[Excerpts from a dataset]

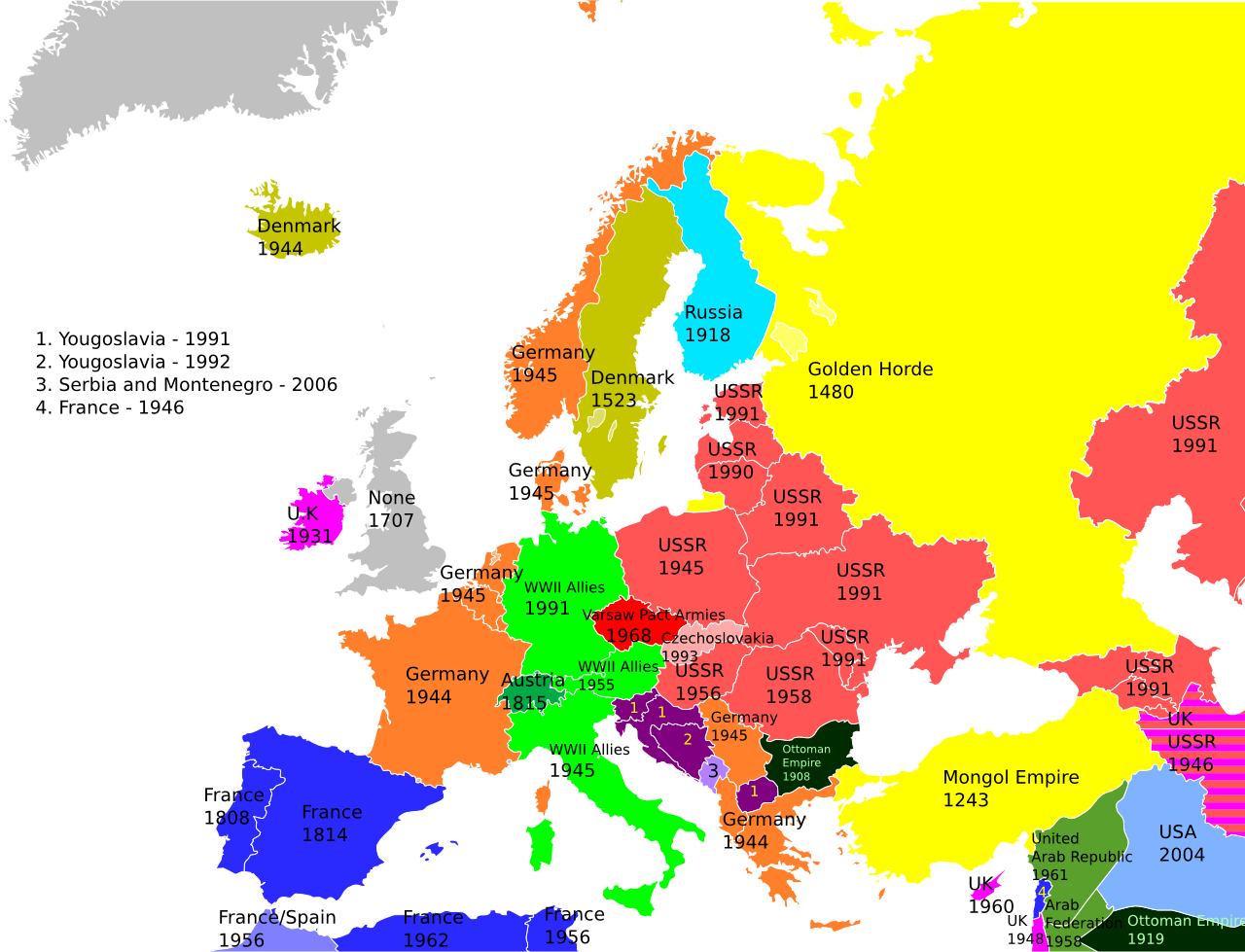 아래 지도는 각 유럽 국가가 다른 나라의 일부였던 마지막 시간을 보여준다.
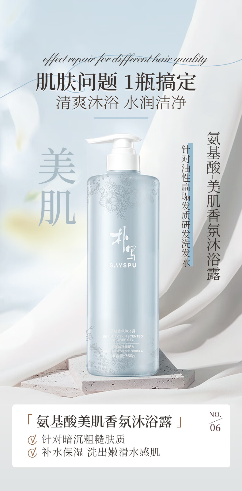 朴写SAYSPU洗发水护发素沐浴乳套装持久去屑清洁清爽柔润男女通用
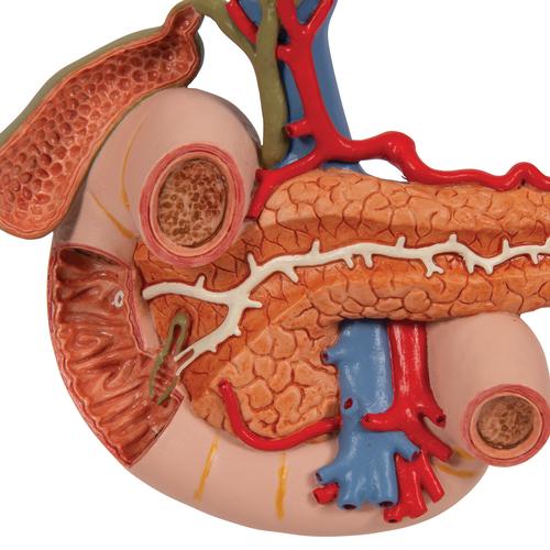 Модель в натуральную величину иллюстрирует 12-перстную кишку (некоторые части удалены), желчный пузырь и желчные протоки (на разрезе), поджелудочную железу (часть удалена так, что видны большие протоки), селезенку и окружающие сосуды. На подставке.
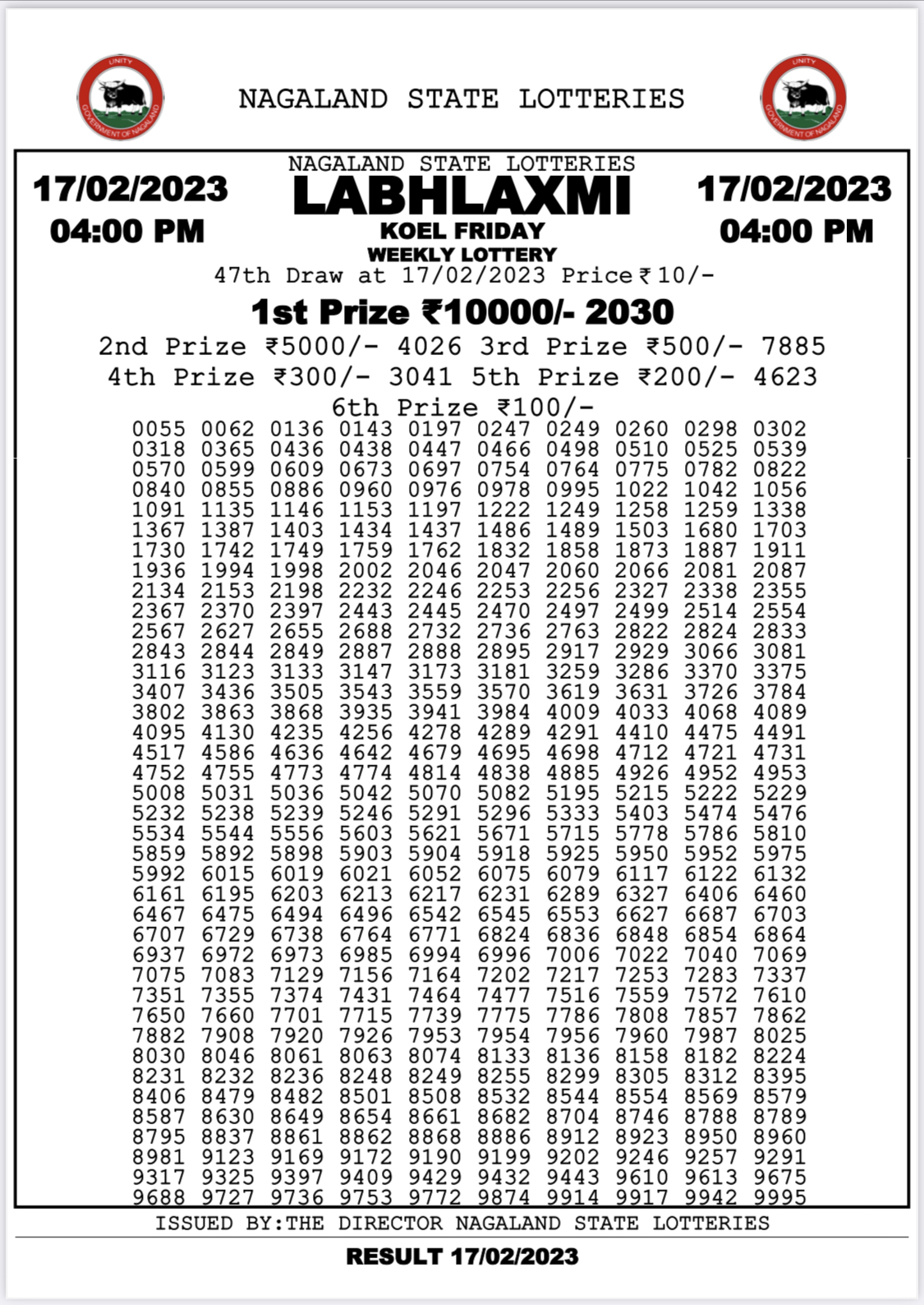 Nagaland State & Sikkim State Lottery Sambad Result 1PM 6PM 8PM
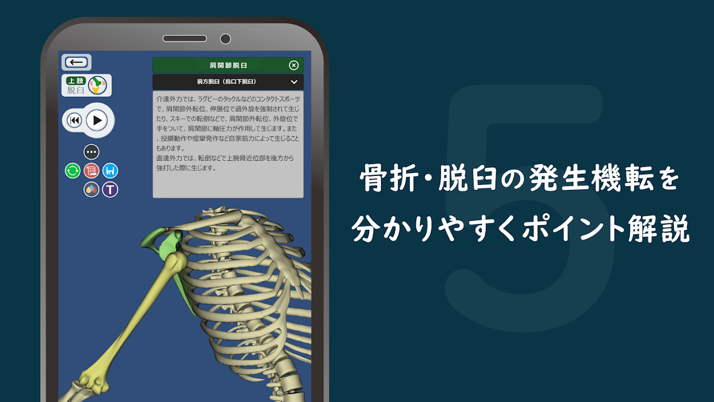 Eine App zum Erlernen von Frakturen und Luxationen, die Frakturen und Luxationen der oberen und unteren Extremitäten mit einem 3DCG-Modell und einer Animation reproduziert.
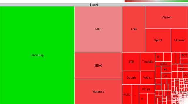 Εξετάζοντας την κατανομή των συσκευών στα διαγράμματα -που μπορείτε να δείτε αναλυτικά εδώ μαζί με κάποια άλλα ενδιαφέροντα δεδομένα- αξίζει να δοθεί έμφαση στο εντυπωσιακό κομμάτι που καταλαμβάνει η Samsung, αντιπροσωπεύοντας το 40% του συνόλου, ενώ μόνο του το Samsung Galaxy S II το 10%.
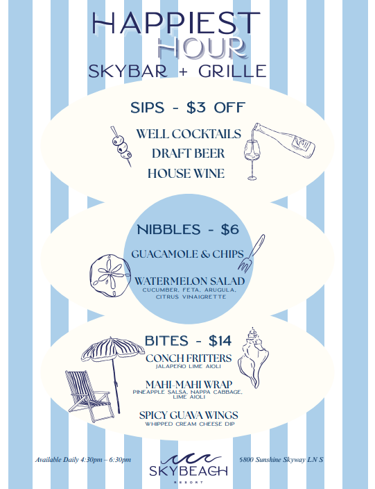 Come for the golden-hour glow, stay for the atmosphere that shifts effortlessly from lively to laid-back. Whether you’re in the mood to mingle or unwind, SkyBar + Grille offers a setting that moves at your pace—always with a view.
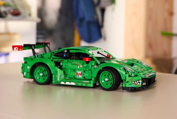 Most remek taktikai érzékkel egy olyan autónak készítették el az apró műanyag elemekből álló változatát, ami egyébként is a népszerűsége csúcsán van. Ez az Autumn Oaks Racing 77-es rajtszámú Porsche 911 GT3 R versenyautója, aminek a beceneve, hogy Rexy. Utóbbi nem véletlen: a zöld Porschét zsarnokgyíknak, vagyis Tyrannosaurus rexnek matricázták.
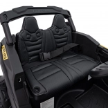 Miękkie siedzisko z eko skóry z pasami bezpieczeństwa trzyma małego kierowcę pewnie na miejscu. Pilot 2,4 GHz oferuje trzy prędkości i awaryjny przycisk Stop, dzięki czemu zawsze masz pełną kontrolę nad jazdą.
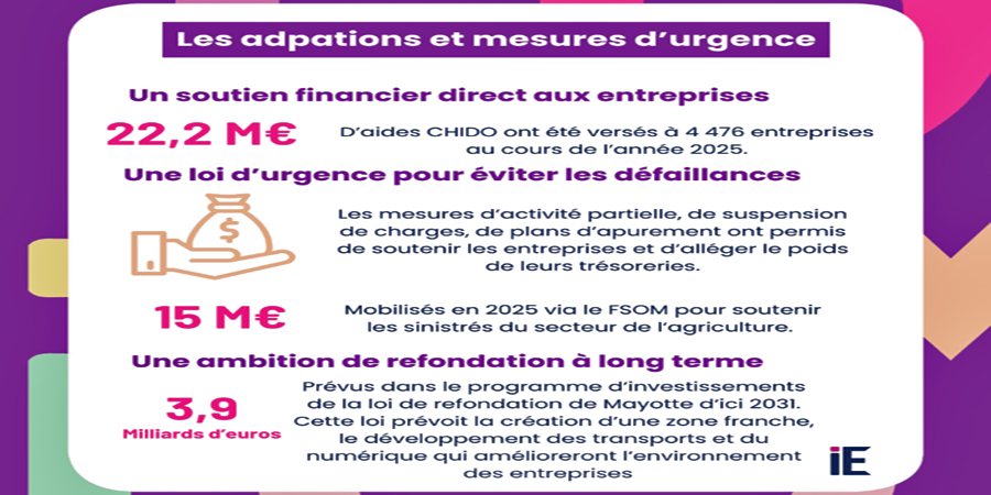 « La situation des entreprises avant Chido a mis en évidence un tissu productif dont les marges de manœuvre étaient presque entièrement épuisées. La loi d’urgence Mayotte répond à ces vulnérabilités et vise à sécuriser la continuité économique du territoire », souligne l’IEDOM. Cette loi répond aux besoins immédiats provoqués par le cyclone, mais son action reste limitée au court terme, en soutenant la continuité d’activité et la stabilisation du tissu productif. Les fragilités structurelles, déjà présentes avant l’événement, exigent quant à elles une approche plus large et de plus longue portée. C’est dans cette logique qu’intervient la loi de programmation pour la refondation de Mayotte, promulguée en août 2025, qui ambitionne de transformer en profondeur l’environnement économique et social du territoire.
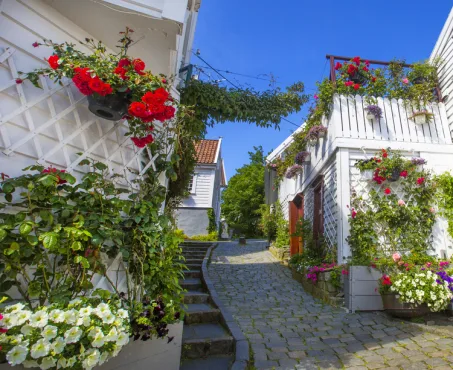 De haven van Stavanger strekt zich uit over een deel van het vasteland en verschillende eilanden op een spectaculaire locatie tussen de scheren in het zuiden en het fjordlandschap in het westen. De pittoreske oude stad, met een kathedraal die dateert uit ongeveer 1125 toen Stavanger werd gesticht, en de schitterende witte houten huizen uit de 18e en 19e eeuw worden over het hoofd gezien door de glazen en metalen gevels van internationale oliemaatschappijen. Aanvankelijk was Stavanger een belangrijk vissers- en zeevarend centrum. Vervolgens werd het ’s werelds grootste producent van ingeblikte sardines voordat de winning van zwart goud uit de Noordzee het tot een rijk oliecentrum en de vierde grootste stad van Noorwegen maakte. Stavenger heeft zichzelf in 2008 opnieuw uitgevonden als Culturele Hoofdstad van Europa. Vlakbij liggen de 612 meter hoge Månafossen-waterval, het langste zandstrand van Noorwegen, bekend als het Sola-strand, en de Lysefjord met de imposante Preikestolen-klif.
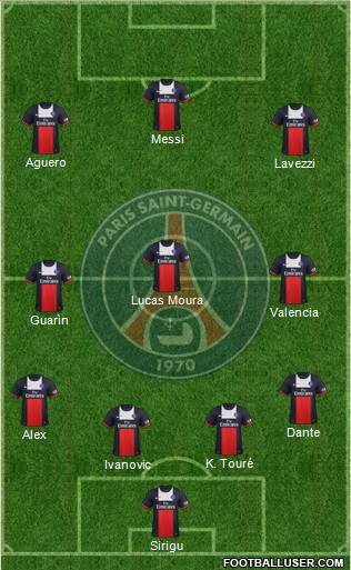 Sirigu · Ivanovic · K. Touré · Alex · Dante · Guarìn · Valencia · Lucas Moura · Lavezzi · Aguero · Messi
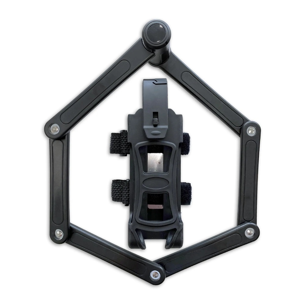 Het vouwslot wordt geleverd met twee sleutels en een handige houder voor aan het fietsframe, om het slot gemakkelijk te kunnen meenemen. De houder wordt aan het frame bevestigd met twee krachtige klittenband straps.
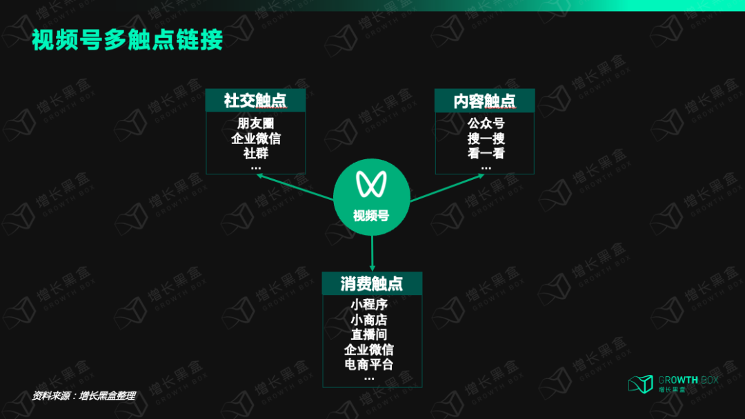 通過這幾場視頻號演唱會,增長黑盒觀察到上線兩年多的視頻號,正在快速地與公眾號、小程序、企業(yè)微信等其他微信觸點打通融合,甚至連接電商平臺等外場域。視頻號不再是單純的內容組件,而成為微信生態(tài)流量集散樞紐,具備強大的連接力。透過現(xiàn)象看本質,我們不難發(fā)現(xiàn),對于品牌營銷而言,視頻號最大的魅力就在于它的連接力。如何吸引消費者?如何與消費者建立聯(lián)系?如何引導消費者進行購買?是品牌營銷恒久不變的靈魂三問。視頻號在微信生態(tài)中的強大連接力,正在助力品牌在新的營銷環(huán)境下實現(xiàn)“找到-吸引-轉化”的完整閉環(huán)鏈路。首先,視頻號自身作為內容載體之外,還連接了品牌公眾號、搜一搜、看一看等內容觸點,讓品牌能夠通過內容吸引消費者。增長黑盒觀察到,品牌的公眾號標簽頁可以直接進入品牌視頻號主頁,用戶在搜索品牌內容時也會跳出相關視頻號。其次,視頻號與朋友圈、企業(yè)微信、社群等社交觸點連接,幫助品牌與消費者建聯(lián)。品牌視頻號內容可以分享至朋友圈、1v1對話框,被觸達觀眾可以在視頻號主頁添加企業(yè)微信、進入社群進行深入了解,品牌可以與消費者進一步對話。最后,視頻號與微信消費觸點的打通,更直接地引導消費者轉化。品牌視頻號內容下可以嵌入小程序、小商店鏈接,甚至可以直接跳轉至電商平臺進行下單,而品牌通過視頻號還能直接引導用戶添加企業(yè)微信,便于后續(xù)的運營和復購轉化。至此,我們不難發(fā)現(xiàn),視頻號與多觸點的連接,正在逐步幫助品牌在微信生態(tài)中打造品牌營銷閉環(huán)。

◆ Required work:
Please output each line above exactly and omit all images.

◆ Result for this task:
 아래 지도는 각 유럽 국가가 다른 나라의 일부였던 마지막 시간을 보여준다.
 朴写SAYSPU洗发水护发素沐浴乳套装持久去屑清洁清爽柔润男女通用
 Модель в натуральную величину иллюстрирует 12-перстную кишку (некоторые части удалены), желчный пузырь и желчные протоки (на разрезе), поджелудочную железу (часть удалена так, что видны большие протоки), селезенку и окружающие сосуды. На подставке.
 Nagaland State & Sikkim State Lottery Sambad Result 1PM 6PM 8PM
 Eine App zum Erlernen von Frakturen und Luxationen, die Frakturen und Luxationen der oberen und unteren Extremitäten mit einem 3DCG-Modell und einer Animation reproduziert.
 Εξετάζοντας την κατανομή των συσκευών στα διαγράμματα -που μπορείτε να δείτε αναλυτικά εδώ μαζί με κάποια άλλα ενδιαφέροντα δεδομένα- αξίζει να δοθεί έμφαση στο εντυπωσιακό κομμάτι που καταλαμβάνει η Samsung, αντιπροσωπεύοντας το 40% του συνόλου, ενώ μόνο του το Samsung Galaxy S II το 10%.
 Come for the golden-hour glow, stay for the atmosphere that shifts effortlessly from lively to laid-back. Whether you’re in the mood to mingle or unwind, SkyBar + Grille offers a setting that moves at your pace—always with a view.
 Most remek taktikai érzékkel egy olyan autónak készítették el az apró műanyag elemekből álló változatát, ami egyébként is a népszerűsége csúcsán van. Ez az Autumn Oaks Racing 77-es rajtszámú Porsche 911 GT3 R versenyautója, aminek a beceneve, hogy Rexy. Utóbbi nem véletlen: a zöld Porschét zsarnokgyíknak, vagyis Tyrannosaurus rexnek matricázták.
 Miękkie siedzisko z eko skóry z pasami bezpieczeństwa trzyma małego kierowcę pewnie na miejscu. Pilot 2,4 GHz oferuje trzy prędkości i awaryjny przycisk Stop, dzięki czemu zawsze masz pełną kontrolę nad jazdą.
 « La situation des entreprises avant Chido a mis en évidence un tissu productif dont les marges de manœuvre étaient presque entièrement épuisées. La loi d’urgence Mayotte répond à ces vulnérabilités et vise à sécuriser la continuité économique du territoire », souligne l’IEDOM. Cette loi répond aux besoins immédiats provoqués par le cyclone, mais son action reste limitée au court terme, en soutenant la continuité d’activité et la stabilisation du tissu productif. Les fragilités structurelles, déjà présentes avant l’événement, exigent quant à elles une approche plus large et de plus longue portée. C’est dans cette logique qu’intervient la loi de programmation pour la refondation de Mayotte, promulguée en août 2025, qui ambitionne de transformer en profondeur l’environnement économique et social du territoire.
 De haven van Stavanger strekt zich uit over een deel van het vasteland en verschillende eilanden op een spectaculaire locatie tussen de scheren in het zuiden en het fjordlandschap in het westen. De pittoreske oude stad, met een kathedraal die dateert uit ongeveer 1125 toen Stavanger werd gesticht, en de schitterende witte houten huizen uit de 18e en 19e eeuw worden over het hoofd gezien door de glazen en metalen gevels van internationale oliemaatschappijen. Aanvankelijk was Stavanger een belangrijk vissers- en zeevarend centrum. Vervolgens werd het ’s werelds grootste producent van ingeblikte sardines voordat de winning van zwart goud uit de Noordzee het tot een rijk oliecentrum en de vierde grootste stad van Noorwegen maakte. Stavenger heeft zichzelf in 2008 opnieuw uitgevonden als Culturele Hoofdstad van Europa. Vlakbij liggen de 612 meter hoge Månafossen-waterval, het langste zandstrand van Noorwegen, bekend als het Sola-strand, en de Lysefjord met de imposante Preikestolen-klif.
 Sirigu · Ivanovic · K. Touré · Alex · Dante · Guarìn · Valencia · Lucas Moura · Lavezzi · Aguero · Messi
 Het vouwslot wordt geleverd met twee sleutels en een handige houder voor aan het fietsframe, om het slot gemakkelijk te kunnen meenemen. De houder wordt aan het frame bevestigd met twee krachtige klittenband straps.
 通過這幾場視頻號演唱會,增長黑盒觀察到上線兩年多的視頻號,正在快速地與公眾號、小程序、企業(yè)微信等其他微信觸點打通融合,甚至連接電商平臺等外場域。視頻號不再是單純的內容組件,而成為微信生態(tài)流量集散樞紐,具備強大的連接力。透過現(xiàn)象看本質,我們不難發(fā)現(xiàn),對于品牌營銷而言,視頻號最大的魅力就在于它的連接力。如何吸引消費者?如何與消費者建立聯(lián)系?如何引導消費者進行購買?是品牌營銷恒久不變的靈魂三問。視頻號在微信生態(tài)中的強大連接力,正在助力品牌在新的營銷環(huán)境下實現(xiàn)“找到-吸引-轉化”的完整閉環(huán)鏈路。首先,視頻號自身作為內容載體之外,還連接了品牌公眾號、搜一搜、看一看等內容觸點,讓品牌能夠通過內容吸引消費者。增長黑盒觀察到,品牌的公眾號標簽頁可以直接進入品牌視頻號主頁,用戶在搜索品牌內容時也會跳出相關視頻號。其次,視頻號與朋友圈、企業(yè)微信、社群等社交觸點連接,幫助品牌與消費者建聯(lián)。品牌視頻號內容可以分享至朋友圈、1v1對話框,被觸達觀眾可以在視頻號主頁添加企業(yè)微信、進入社群進行深入了解,品牌可以與消費者進一步對話。最后,視頻號與微信消費觸點的打通,更直接地引導消費者轉化。品牌視頻號內容下可以嵌入小程序、小商店鏈接,甚至可以直接跳轉至電商平臺進行下單,而品牌通過視頻號還能直接引導用戶添加企業(yè)微信,便于后續(xù)的運營和復購轉化。至此,我們不難發(fā)現(xiàn),視頻號與多觸點的連接,正在逐步幫助品牌在微信生態(tài)中打造品牌營銷閉環(huán)。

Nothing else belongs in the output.